» **WHAT TO WORK ON**: Please copy the records exactly as they appear, with all pictures left out.

*** Opening of RECORDS TO USE ***

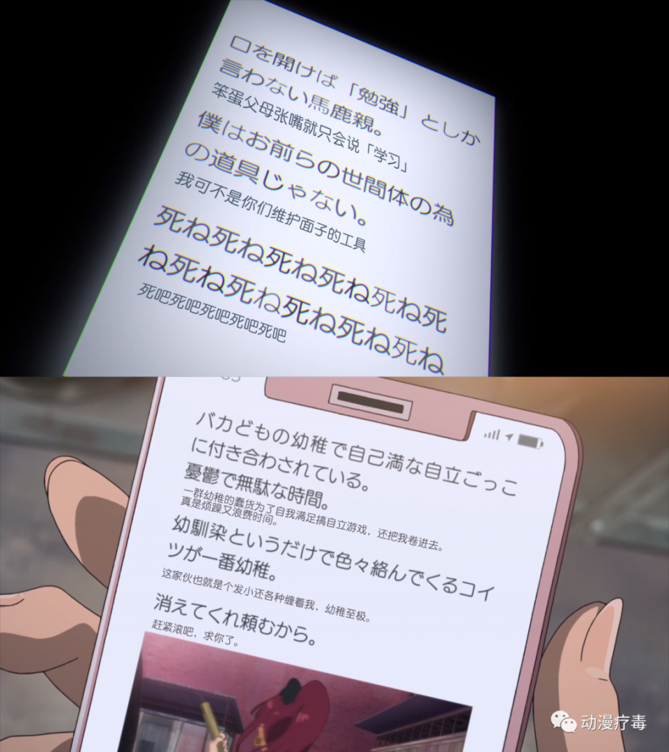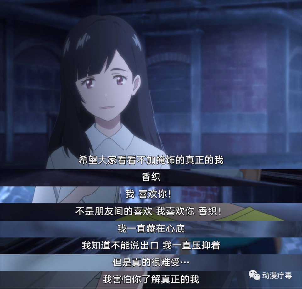其实我对于演员来给动画电影配音这件事情比较反感的。守是由北村匠海配音,绫由芳根京子配音,男女主角皆是日本演艺圈的演员,北村匠海曾出演真人版电影《恋爱禁止的世界》、《我想吃掉你的胰脏》;芳根京子更是出演过真人版电影《累》(双女主电影,另一个女主是土屋太凤)、《心灵想要大声呼喊》。明明不是专业的声优,却都拿到了主角的台本,说实话这两个演员我是都喜欢的,然而他俩在我心中并不是声音派的。所以说动画电影为什么要找演员配音啊,声优明明都那么难接到工作了……
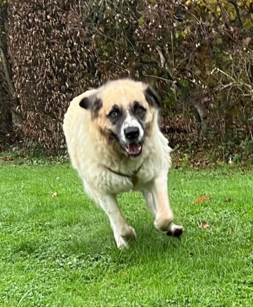 Anschließend fuhr Em mit Aslan in den Garten, der wie ausgewechselt war. Er hatte so großen Spaß, dass er nur noch auf und ab lief. Dabei machte er Luftsprünge vor Freude und war ganz aufgedreht – sooo schön. Am tollsten fand er es, sich vor Em in der Hecke zu verstecken. Wenn sie ihn dort suchte, lachte er richtig und wollte erst gar nicht herauskommen. So schöne, fröhliche Momente. 🙂
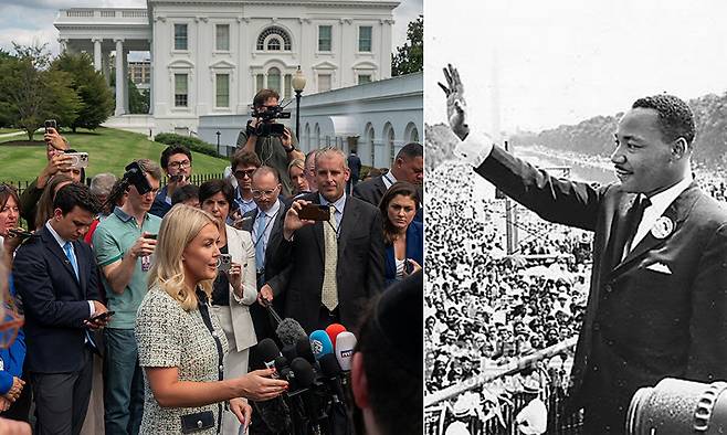 | 새 사실 밝혀질까 캐럴라인 레빗 백악관 대변인(가운데)이 21일(현지시간) 미국 워싱턴 백악관 서쪽 별관 인근에서 최근 현안과 관련한 취재진의 질문에 답하고 있다.(왼쪽사진) 오른쪽 사진은 이날 도널드 트럼프 행정부가 연방수사국(FBI)의 감시 기록을 공개한 흑인 인권운동가 마틴 루서 킹 주니어 목사의 생전 모습. 워싱턴=로이터연합뉴스·세계일보 자료사진 |
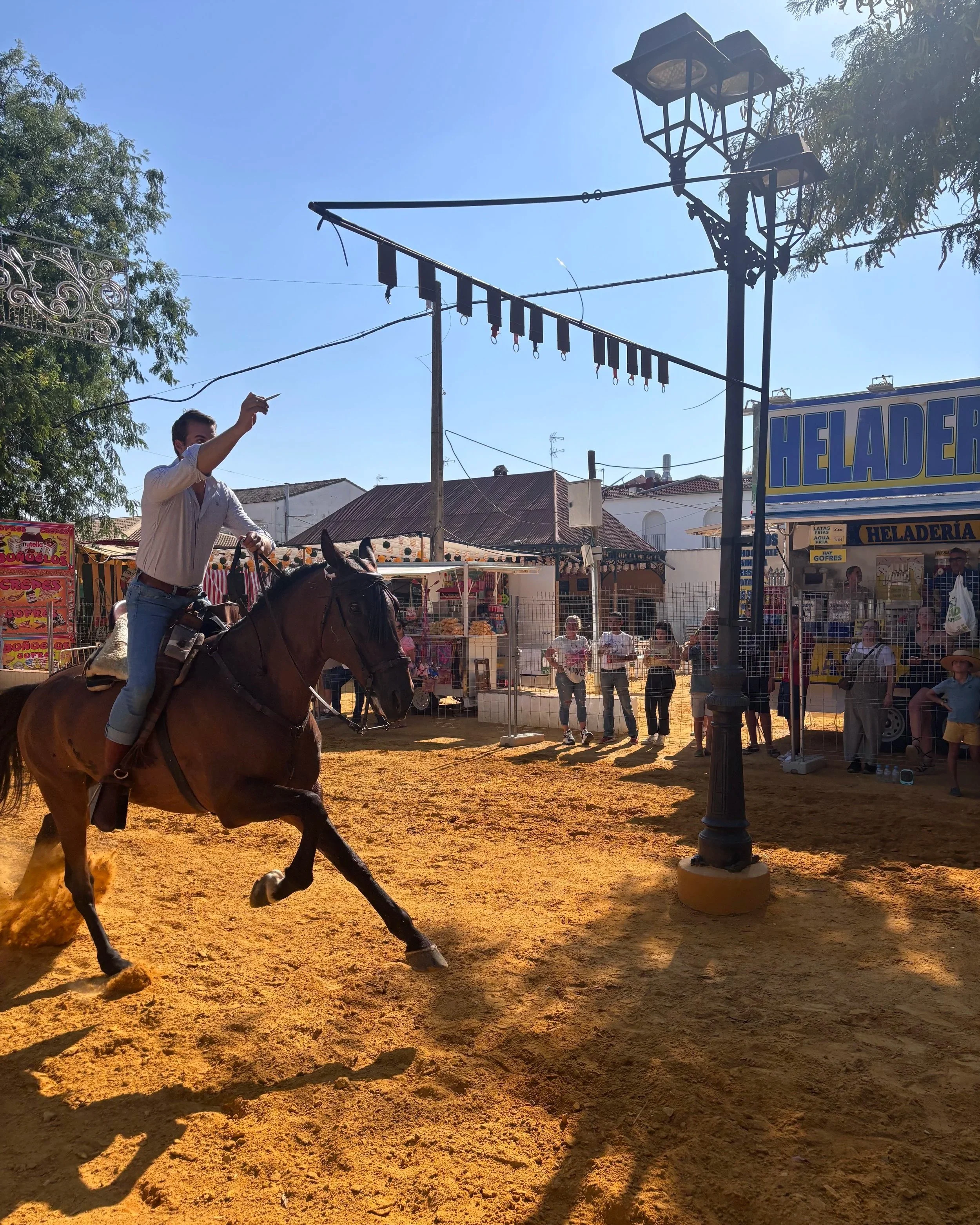 The month of August in Cazalla de la Sierra is a never ending series of Fiestas and Ferias showcasing the local culture. Our favourite of the summer is the Carrera de Cintas or a ribbon race on horseback. The main square is layered with a fresh coat of Albero (the yellow earth which gives that iconic brightness to the bullrings of Spain) in preparation for the revival of a medieval tournament where the ‘knights’, in this case any villager with a horse, showcase their valour and athleticism, galloping with a spear or hook towards a set of hoops on ribbons to a chorus of booing, heckling and cheering from the crowds.
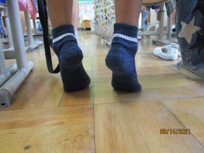 朝読書の後,毎朝2分間のつまさき立ちをします。先日の足型測定の振り返りでも,
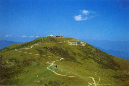 五臺(tái)山的西臺(tái)人稱掛月峰,又名明月山,海拔2773米?!肚鍥錾街尽份d:西臺(tái)“頂廣平,月墜峰巔,儼若懸鏡,因以為名”。臺(tái)頂有泉,群山拱合,巖谷幽深;臺(tái)頂亦有寺,名叫法雷寺,內(nèi)供獅子吼文殊,其寓意是讓強(qiáng)大的獅子吼叫聲驚醒眾生。整個(gè)山勢(shì)峰巒疊嶂,如同孔雀開屏。
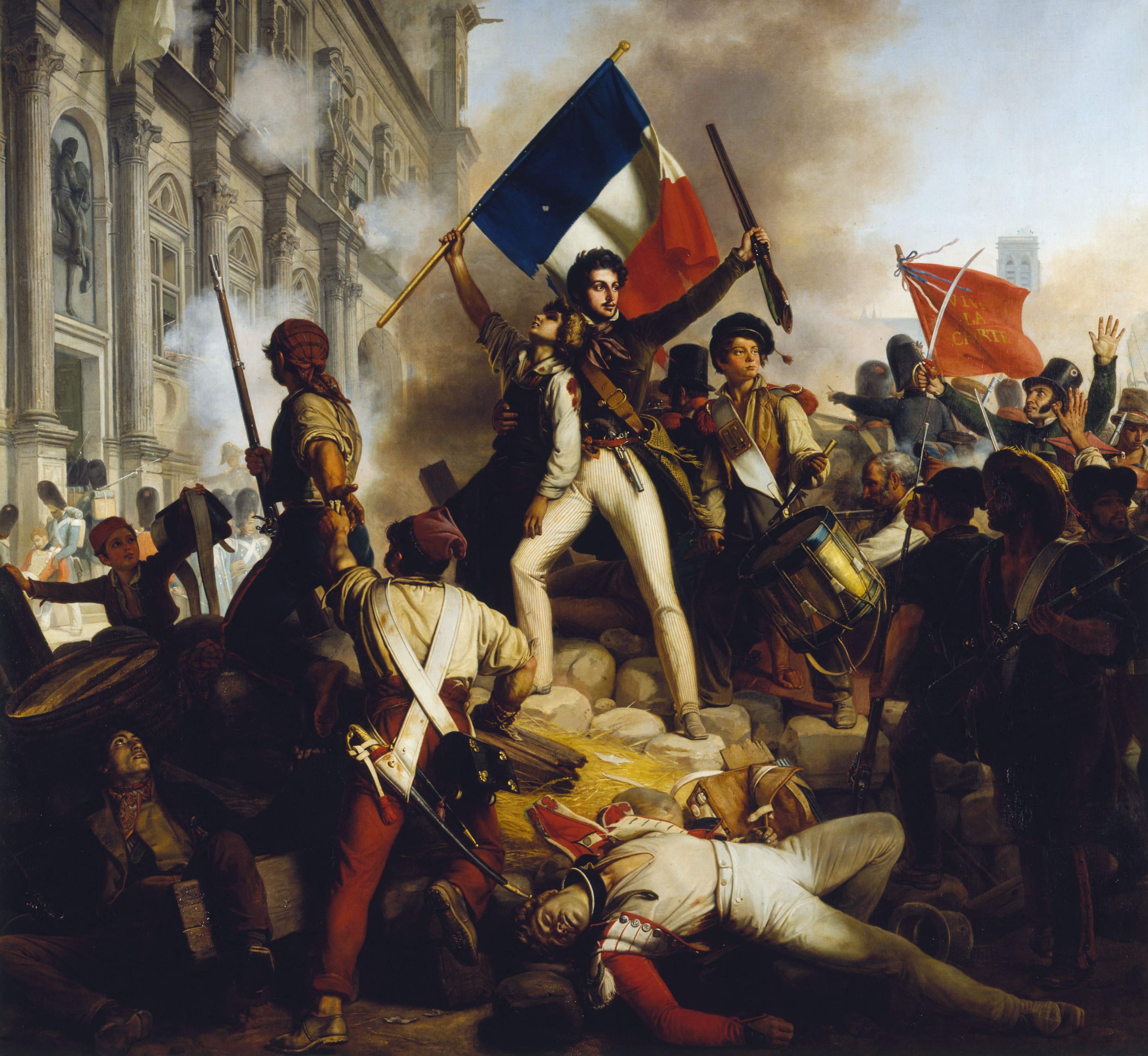 Antiguo alumno de David, Victor Schnetz participa a las principales obras decorativas parisinas bajo Luis Felipe. Es uno de los cuatro pintores encargados de celebrar las grandes revoluciones parisinas, en los muros de la antigua Sala del Trono del Ayuntamiento. Schnetz ilustra el segundo día de las «Tres Gloriosas» de 1830. En reacción contra las ordenanzas liberticidas firmadas por Carlos X, la muchedumbre insurgida erigió barricadas y se amparó del Ayuntamiento. Como La Libertad guiando al Pueblo de Delacroix, la escena se sitúa encima de una barricada. El niño herido que alza la bandera tricolor prefigura el Gavroche de Victor Hugo. Esta decoración no se colocará bajo la Monarquía de Julio. Conservado en almacenes externos, se salvará del incendio del Ayuntamiento en 1871.

*** Close of RECORDS TO USE ***

» **ANSWER FOR THIS EXERCISE**:
其实我对于演员来给动画电影配音这件事情比较反感的。守是由北村匠海配音,绫由芳根京子配音,男女主角皆是日本演艺圈的演员,北村匠海曾出演真人版电影《恋爱禁止的世界》、《我想吃掉你的胰脏》;芳根京子更是出演过真人版电影《累》(双女主电影,另一个女主是土屋太凤)、《心灵想要大声呼喊》。明明不是专业的声优,却都拿到了主角的台本,说实话这两个演员我是都喜欢的,然而他俩在我心中并不是声音派的。所以说动画电影为什么要找演员配音啊,声优明明都那么难接到工作了……
 Anschließend fuhr Em mit Aslan in den Garten, der wie ausgewechselt war. Er hatte so großen Spaß, dass er nur noch auf und ab lief. Dabei machte er Luftsprünge vor Freude und war ganz aufgedreht – sooo schön. Am tollsten fand er es, sich vor Em in der Hecke zu verstecken. Wenn sie ihn dort suchte, lachte er richtig und wollte erst gar nicht herauskommen. So schöne, fröhliche Momente. 🙂
 | 새 사실 밝혀질까 캐럴라인 레빗 백악관 대변인(가운데)이 21일(현지시간) 미국 워싱턴 백악관 서쪽 별관 인근에서 최근 현안과 관련한 취재진의 질문에 답하고 있다.(왼쪽사진) 오른쪽 사진은 이날 도널드 트럼프 행정부가 연방수사국(FBI)의 감시 기록을 공개한 흑인 인권운동가 마틴 루서 킹 주니어 목사의 생전 모습. 워싱턴=로이터연합뉴스·세계일보 자료사진 |
 The month of August in Cazalla de la Sierra is a never ending series of Fiestas and Ferias showcasing the local culture. Our favourite of the summer is the Carrera de Cintas or a ribbon race on horseback. The main square is layered with a fresh coat of Albero (the yellow earth which gives that iconic brightness to the bullrings of Spain) in preparation for the revival of a medieval tournament where the ‘knights’, in this case any villager with a horse, showcase their valour and athleticism, galloping with a spear or hook towards a set of hoops on ribbons to a chorus of booing, heckling and cheering from the crowds.
 朝読書の後,毎朝2分間のつまさき立ちをします。先日の足型測定の振り返りでも,
 五臺(tái)山的西臺(tái)人稱掛月峰,又名明月山,海拔2773米?!肚鍥錾街尽份d:西臺(tái)“頂廣平,月墜峰巔,儼若懸鏡,因以為名”。臺(tái)頂有泉,群山拱合,巖谷幽深;臺(tái)頂亦有寺,名叫法雷寺,內(nèi)供獅子吼文殊,其寓意是讓強(qiáng)大的獅子吼叫聲驚醒眾生。整個(gè)山勢(shì)峰巒疊嶂,如同孔雀開屏。
 Antiguo alumno de David, Victor Schnetz participa a las principales obras decorativas parisinas bajo Luis Felipe. Es uno de los cuatro pintores encargados de celebrar las grandes revoluciones parisinas, en los muros de la antigua Sala del Trono del Ayuntamiento. Schnetz ilustra el segundo día de las «Tres Gloriosas» de 1830. En reacción contra las ordenanzas liberticidas firmadas por Carlos X, la muchedumbre insurgida erigió barricadas y se amparó del Ayuntamiento. Como La Libertad guiando al Pueblo de Delacroix, la escena se sitúa encima de una barricada. El niño herido que alza la bandera tricolor prefigura el Gavroche de Victor Hugo. Esta decoración no se colocará bajo la Monarquía de Julio. Conservado en almacenes externos, se salvará del incendio del Ayuntamiento en 1871.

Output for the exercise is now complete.